EP0782753B1 - Lightning arrester device - Google Patents

Description

The present invention relates to a device low voltage surge arrester of the type used in particular to protect equipment electronic.

We know that the phenomenon of lightning generates instantaneous currents which can be extremely important and can reach in some cases 10,000 to 100,000 amps with voltages that can reach 10 to 20 million volts for extremely short times. In order to ensure lightning protection of devices electronic, we insert in the circuit supply of these surge protective devices made up of components which normally behave like neutral elements, but which, in violent overvoltage due to lightning, become conductive and thus provide insulation of the device by diverting the current to the ground generated by lightning.

A good arrester designed to protect against electronic devices must have three qualities essential. On the one hand it must have great current rise speed in order to divert quickly towards the ground the lightning energy which, without it, would destroy electronic equipment. The current rise speed will be all the more high as the inductance of the arrester will be low. he must then be able to keep enough long its effectiveness so that the diversion to the energy ground lasts long enough to allow the implementation of conventional means of logout. This period of effectiveness is all the more stronger than mechanical strength, in all directions, surge arrester is high. He must finally be able to be put in place and removed quickly of its support.

Usually used to ensure such functions, gas spark gaps. These spark gaps have significant drawbacks, and especially that of being seriously delayed, so that in some cases, and particularly in the particularly violent lightning strikes and rapid deterioration of electronic devices occurs before grounding the lightning by the spark gap.

We also know devices surge arresters made up of tubular elements cylindrical containing varistors and / or zener diodes, embedded in an insulating resin. Of such devices, must, in a volume particularly reduced, be able to flow to earth very high impulse currents while maintaining acceptable tensions at their terminals. We can see that the powers developed in such lightning arresters can reach excessively high values. So, a varistor has the possibility of running out currents of the order of 5,000 amperes for time on the order of 10 microseconds, while now the voltage across its terminals to a value of around 1,500 volts. The power thus developed in such a varistor is around 7.5 megawatts. Such powers developed during extremely short times, also in volumes are extremely difficult to channel, if although the SPDs behave sometimes like real miniature "bombs", with as a consequence, in addition to the destruction of the device arrester itself, that of electronic elements that they are meant to protect.

We also know surge arresters which are used in high voltage power lines used for the distribution of electric current.
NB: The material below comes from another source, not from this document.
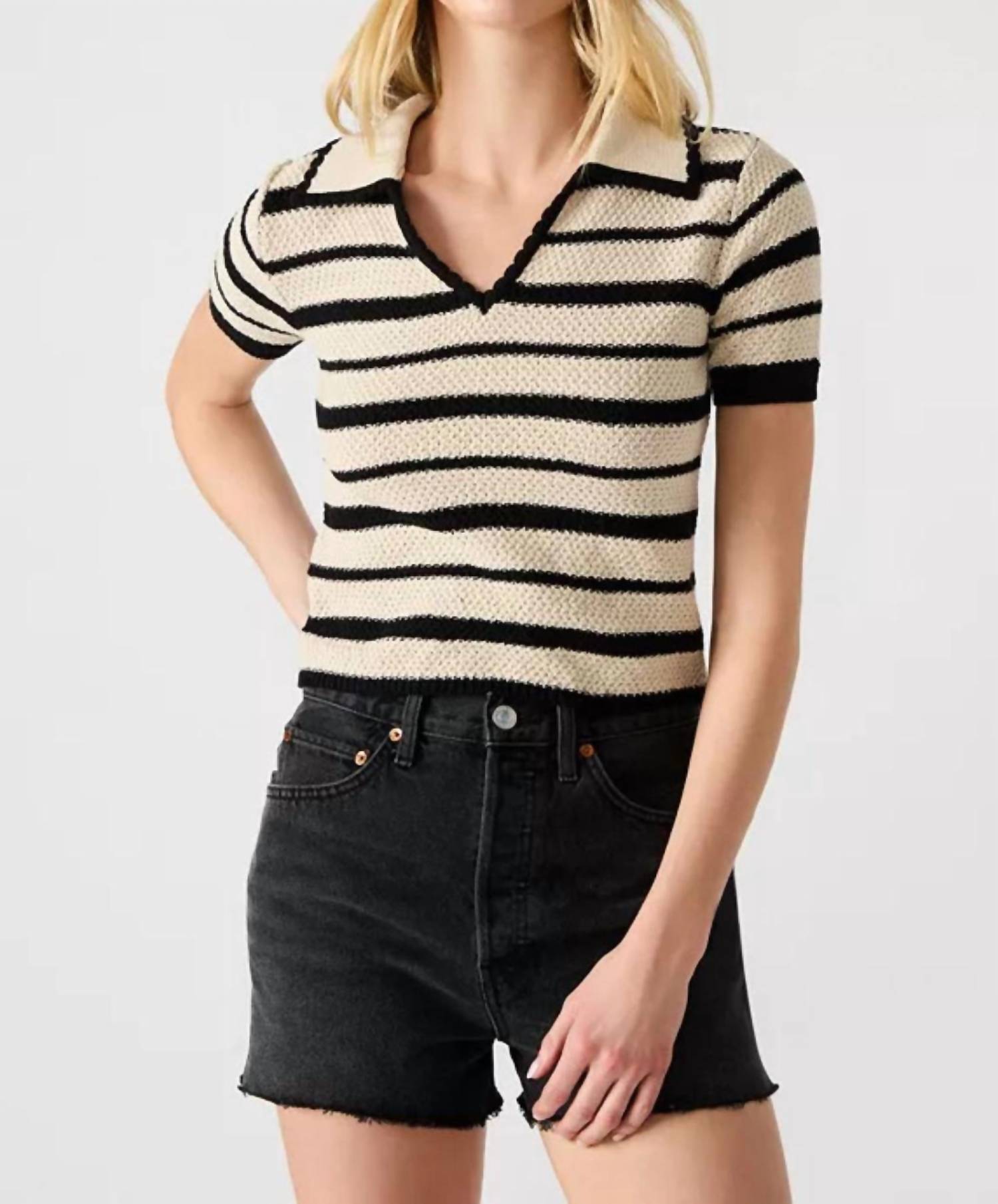 Introducing the Brayden Striped Sweater by Steve Madden, a chic piece that seamlessly combines comfort and style. Crafted from 100% cotton, this short sleeve crochet knit sweater in a classic stripe pattern is perfect for warm-weather layering. It features a spread collar and a pull-on closure for a polished, retro-inspired look. With its breathable fabric, this piece is an ideal choice for minimalist holiday parties and spring gatherings.

In these energy lines, following the impedance of the power supply transformer placed upstream of the arrester, the currents developed can reach peak values of 6 to 25 kiloamperes for periods of the order of 100 milliseconds. In order to ensure the protection of installations it is essential that surge arresters used maintain grounding, as long as disconnecting devices, such as circuit breakers, did not themselves ensure breaking of the line. It is therefore particularly important at least delay the destruction of such surge arresters, until the devices are actuated disconnectors. The components used in the constitution of lightning arresters are usually coated in housings resins which are mainly chosen for their insulating qualities. We know that, unfortunately the best insulating materials are with particularly mechanical qualities mediocre.

The manufacturers of this type of device have therefore been faced with the need to strengthen the mechanical strength of the enclosures containing the components by stiffening them and drowning the whole in insulating curable resins.

These solutions are not satisfactory in because on the one hand, they turn out dangerous, and that on the other hand they turn out not very effective, both in terms of resistance mechanical and in terms of characteristics the appliance.

These solutions are dangerous because the resin that surrounds the area where the significant instantaneous power cracks, which promotes the birth of an electric arc causing the carbonization of this resin. Carbon as well product ensures the conductivity of electricity, and the current from the overvoltage, or from a network of energy goes into it, heating up quickly the area concerned, which increases carbonization of it and, by cumulative effect, we are thus leads to rapid destruction of the arrester, destruction can even set fire to the environment.

These solutions are also not very effective, since the mass of resin, between where generated instantaneous power and the area where locates the rigid enclosure, constitutes a mattress malleable and / or elastic promoting the appearance of cracks thus creating incipient fractures reducing the mechanical characteristics of the surge arrester.

It has also been proposed in patent FR-A-2 678 765 a surge arrester intended for the protection of overhead power lines which consists of a envelope containing a tube provided with lights longitudinal inside which are arranged varistors. A silicone elastomer fills the empty parts of the envelope, between the periphery varistors and the inner face of the tube. The electrical contact is made at each ends of the tube.

Such a device, if it is satisfactory in protection of power lines is not when it comes to ensuring the protection of electronic devices. Indeed, from share the reaction time is too high due connection lengths and inductances too resulting, and on the other hand, the physical explosion protection is not sufficiently efficiently, and in in some cases it is even sought to achieve end-of-life indicators for the arrester.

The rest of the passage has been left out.